- Tikhatar Location in Nepal
- Coordinates: 29°10′N 81°01′E﻿ / ﻿29.16°N 81.01°E
- Country: Nepal
- Zone: Seti Zone
- District: Doti District

Population (1991)
- • Total: 5,222
- Time zone: UTC+5:45 (Nepal Time)

= Tikhatar =

Tikhatar is a village development committee in Doti District in the Seti Zone of western Nepal. At the time of the 1991 Nepal census it had a population of 5222 people in 958 individual households.

==History==

This village development committee has a long history. 1814 AD, The war between Gorkha and Kingdom of Doti was fought at bank of the seti river.
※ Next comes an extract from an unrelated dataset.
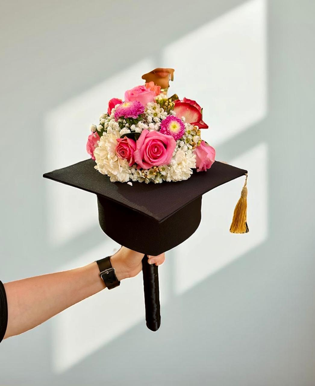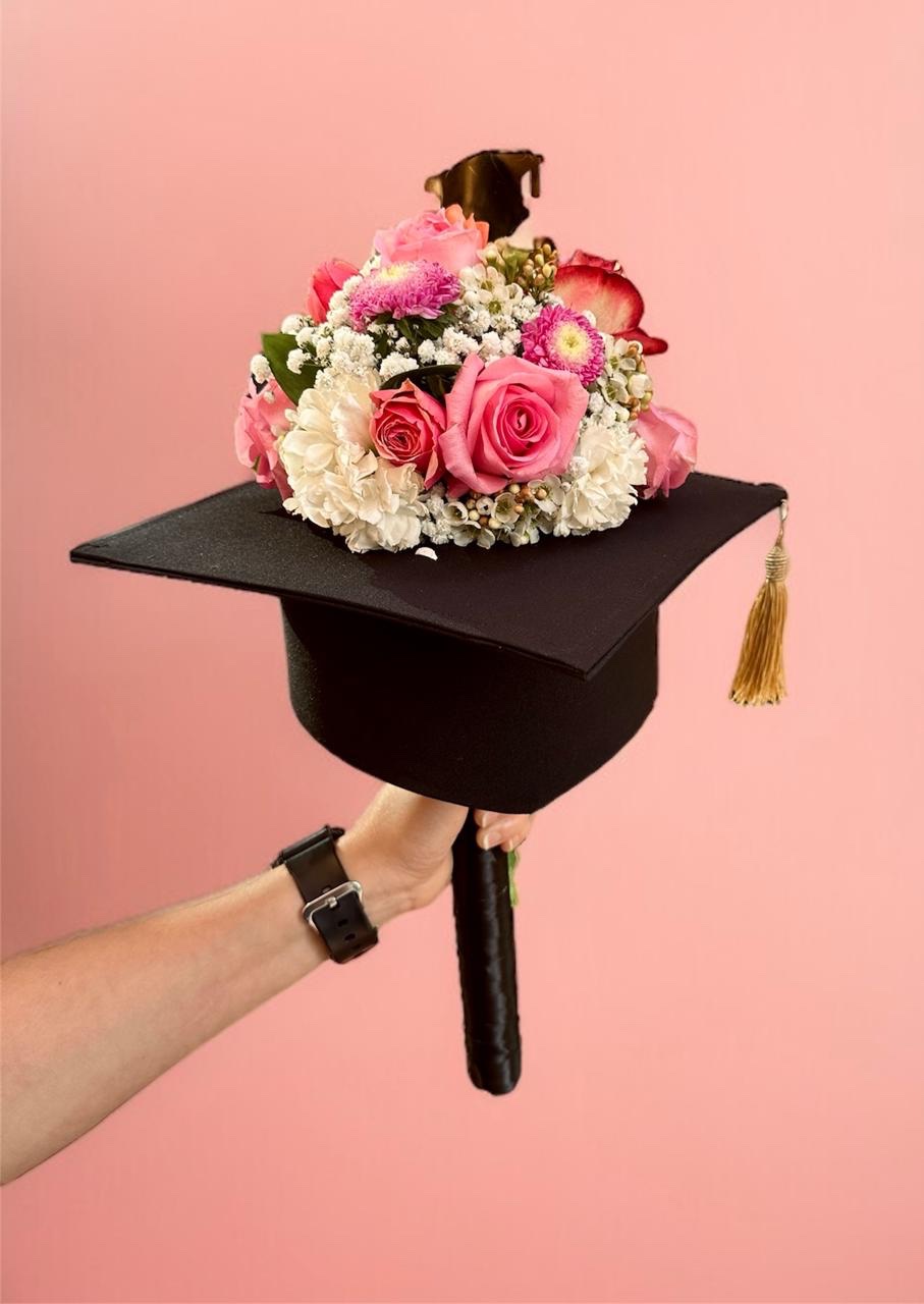 Celebrate graduation in style with our elegant Graduation Bloom Bouquet, featuring fresh pink roses, delicate white filler flowers, and a stylish black graduation cap design. This unique bouquet is perfect for congratulating graduates, capturing memories, and making their special day unforgettable. Ideal for university graduations, school achievements, and academic milestones. Available for same-day flower delivery.

Malla of Budhakot, Bogtan and Shahi of Dumrakot (this VDC) fought war against Nepali Gorkha's expansion. There is a front (battle field) called Naari-Dang and reinforcement camp at Kuthakot　(most probably this place is also in this VDC. This village is the birthplace of many national level politicians and bureaucrats. The great revolutionary leader; ex-Prime Minister Dr. K. I. Singh was born in this village. At the time of his premiership in 1956, he established the "Indra Primary School" with a donation of five thousand rupees. This is the oldest school in this area. The school is now known as “Indra Higher Secondary school” situated at Lek-gada Dumrakot.